4.3. Other Exposure Models

Computational models of exposure and dose are fundamental to risk assessment and are only as effective as the least resolved component of the model [47]. To meet this end, exposure model capabilities and frameworks continue to expand dramatically [48]. Similar previous efforts to capture such population variability to model exposure include the aforementioned SHEDS-HT and PopGen [21,49]. PopGen creates individuals for PBPK models and was improved in the httk package with more detailed NHANES sampling and newer data [41]. Meanwhile, in the field of epidemiology, the Framework for Reconstructing Epidemic Dynamics (FRED) model uses PUMS data in an agent-based modeling approach that captures demographic and geographic heterogeneities of the population, including realistic household, school, and workplace social networks [50]. RPGen builds on these other population generators by tying together specifics of the household and physiology at the individual level. RPGen may also be applied to models of inhalation, as descriptions of the household can be used as the basis for agent-based models. For example, exposure models that measure exposure outcomes between time indoors and time outdoors may be influenced by the presence of a vehicle, the structure of the household, number of windows, and number of rooms [51]. When combined with downstream exposure models, this approach can then effectively simulate the population with a high level of resolution.

5. Conclusions

RPGen creates synthetic populations of individuals with consistent demographic, residential, and physiological characteristics. Output variables can be combined with a wide range of user-developed chemical exposure scenarios to estimate intraindividual exposure in a desired population. While RPGen has been developed initially and applied for use in probabilistic models of consumer product exposure, the tool can be applied to consider a range of environmental health questions. By creating profiles and characteristics that are primary determinants of exposure, RPGen enables the data-driven development of hypotheses related to populations and groups who may be vulnerable to chemical exposures.
Increasingly, the field of exposure science is shifting from a field of observation to a field of prediction [52] and exposure models are quickly evolving to evaluate the complex exposure scenarios presented by commerce [26,49,53]).

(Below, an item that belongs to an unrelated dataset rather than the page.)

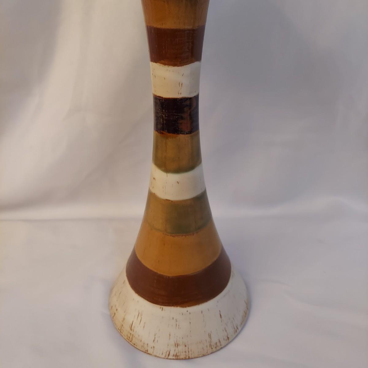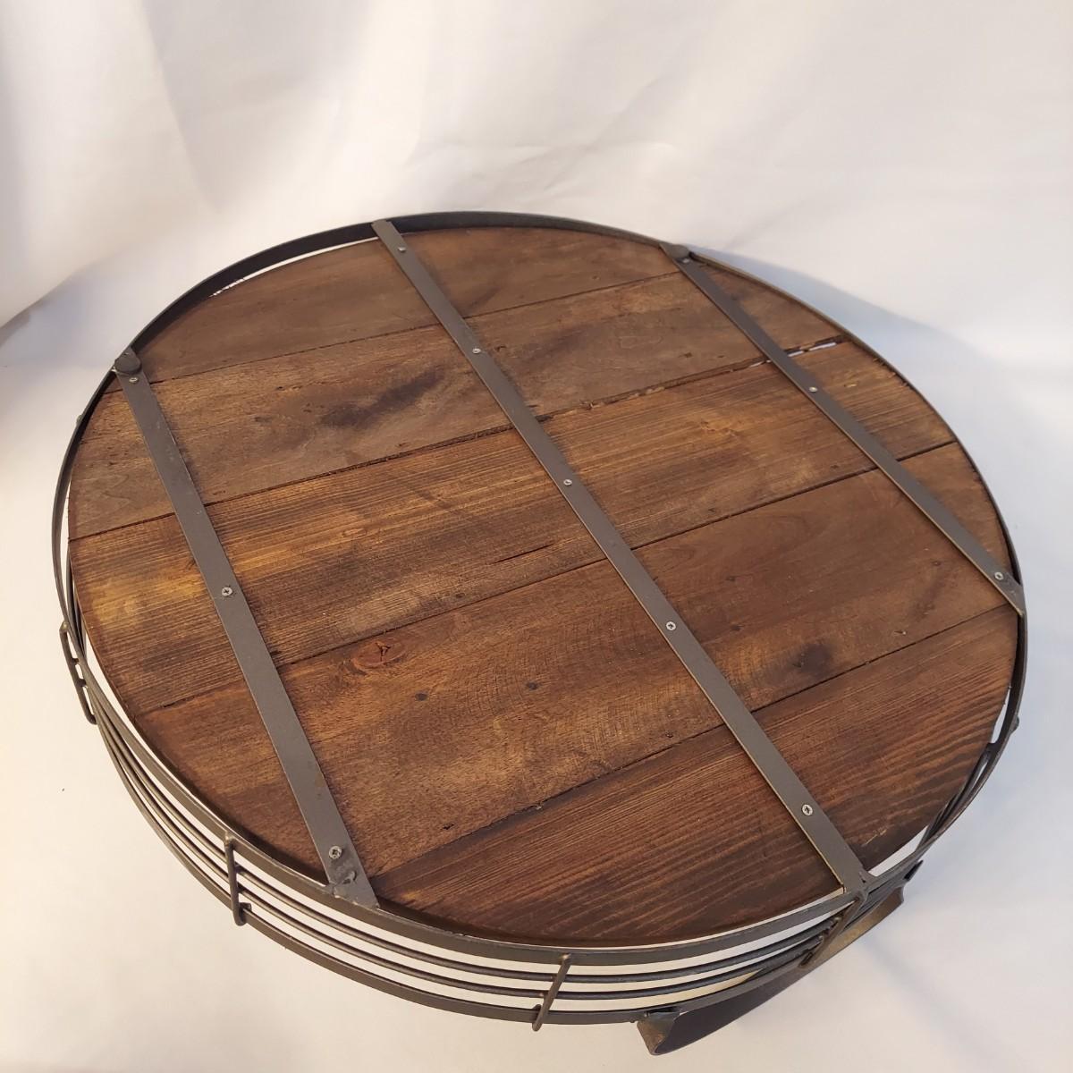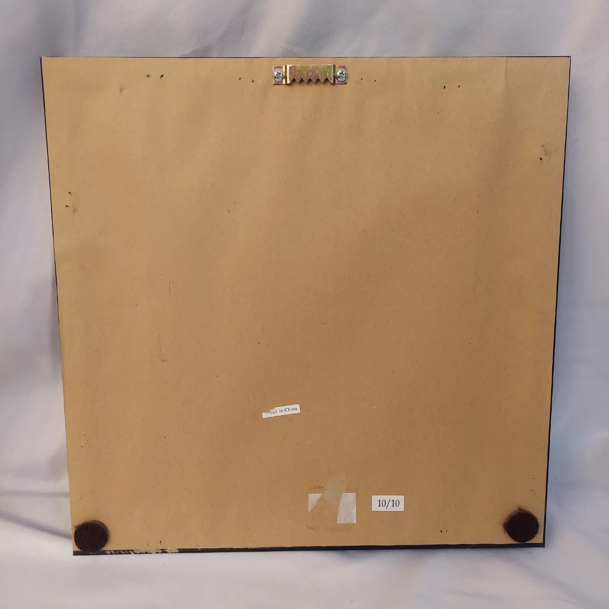 The square wood framed mirror is 15.5" x 15.5"H. The round wood and metal tray has a 17" diameter. There is a wide seam. Appears to be a manufacturing defect.The ceramic candle holder is 14" tall with a 4" tall candle that was briefly lit. Shipping available

The aim of RPGen is to inform variability in probabilistic models of exposure by creating a sample population. The benefits are twofold: first, chemical exposure predictions are informed by the correlated physiological, demographic, and housing variables within RPGen. Grouping of these variables into profiles improve the exposure estimates of individuals. Secondary benefit comes from the same variables: age, ethnicity, income, and location allow for comparison with dose outcomes to determine high-risk subpopulations and communities. By using a population that represents the US in exposure models, RPGen better characterize exposure, and in turn, provides demographics to inform policy decisions.

Supplementary Materials

The following are available online at https://www.mdpi.com/article/10.3390/toxics9110303/s1, Figure S1: Four Chemicals not used as principal case example for application of RPGen: Benzyl Butyl Pthalate, Dibutyl Pthalate, Diethylene Glycol, Naphthalene daily intakes compared to SHEDS-HT, Table S1: Percentage of Individuals Exposed Across Exposure Model Scenario (Subset), Table S2: Summaries of Daily Intake (mg/kg-bw/day) across Exposure Model Scenario (Subset), Table S3: Counts of Chemicals, Products, Case Example Chemicals, and Ownership Status by PUC ID in CHEM, Table S4: Counts of Products, PUCS, and ‘Homeowner PUCS’ by Chemical in CHEM.4. All code, data, and documentation for RPGen is available at: https://github.com/HumanExposure/RPGen (accessed on 11 October 2021). Metadata: https://edg.epa.gov/metadata/catalog/search/resource/details.page?uuid=%7B91279B3B-AD3D-476A-826A-A0FE0D78AECC%7D (accessed on 11 October 2021).

Author Contributions

A.E.: with input from his coauthors, drafted and revised the manuscript, and made ease-of-use improvements to the RPGen model initially developed by P.S.P., G.G., K.I., K.D. and D.A.V., all who continued to provide insights and to update information throughout this research. The majority of the initial R code was written by G.G. and P.S.P. contributed the outline for the manuscript. Technical manuals for this software were prepared by K.D., A.E. and D.A.V. and the introduction and portions of the methods were written by D.D., who, in conjunction with E.A.C.H., provided extensive reviews of the manuscript. K.I. conducted runs and descriptions of SHEDS-HT for comparison with RPGen in this manuscript. As EPA’s student services contract mentor, D.A.V. assisted A.E. in case example curation, data validation, presentation of tables and figures and project scope. D.A.V. also ensured that all work met the requirements of the quality assurance plan. All authors have read and agreed to the published version of the manuscript.

Funding

EPA provided funding to support this research under Contract No. EP-C-14-001, with ICF; and Contract No. 68HERH20D0003, with Oak Ridge Associated Universities, Inc.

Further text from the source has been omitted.